Diante de tais considerações, além do fato do RPG aplicado ao campo da educação ser
um objeto de estudo relativamente novo e das dificuldades encontradas nas apropriações de
Vigotski, identificamos a necessidade de uma análise crítica e um aprofundamento dessa
tríplice relação RPG/Educação/Vigotski. É o que pretendemos fazer ao longo deste trabalho..
Os usos das teorias de Vigotski por pesquisadores de RPG no Brasil
Para a análise a seguir selecionaram-se dissertações e teses sobre RPG com Vigotski
em seu referencial teórico a partir de três fontes: o banco de teses da CAPES3, o portal de
busca Google Acadêmico4 e as indicações na lista de discussão RPG em Debate5, no período
de janeiro a dezembro de 2007. Estes textos foram fichados, e da análise destes fichamentos
surgiram algumas unidades de análise: principais obras referenciadas; principais conceitos
abordados e operacionalização dos conceitos.

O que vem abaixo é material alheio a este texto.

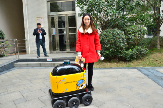 (蘇寧小店工作人員將商品放進(jìn)“臥龍一號(hào)”無(wú)人車)

O uso das teorias de Vigotski por parte dos autores dos textos analisados varia muito,
desde apenas constar de uma obra em suas referências, como Pavão (2000), ou apenas citar
uma frase descontextualizada em todo o texto, como Mulatinho (2005, pg. 32) até articulações
com conceitos e livros pouco utilizados de Vigotski, como o livro Psicología infantil
(VYGOTSKY, 1996) e o conceito de adolecência em Vigotski abordados por Braga (2000)
ou a atualização de conceitos do autor para o contexto contemporâneo brasileiro, como a
questão do bilingüismo apresentada por Pereira (2003).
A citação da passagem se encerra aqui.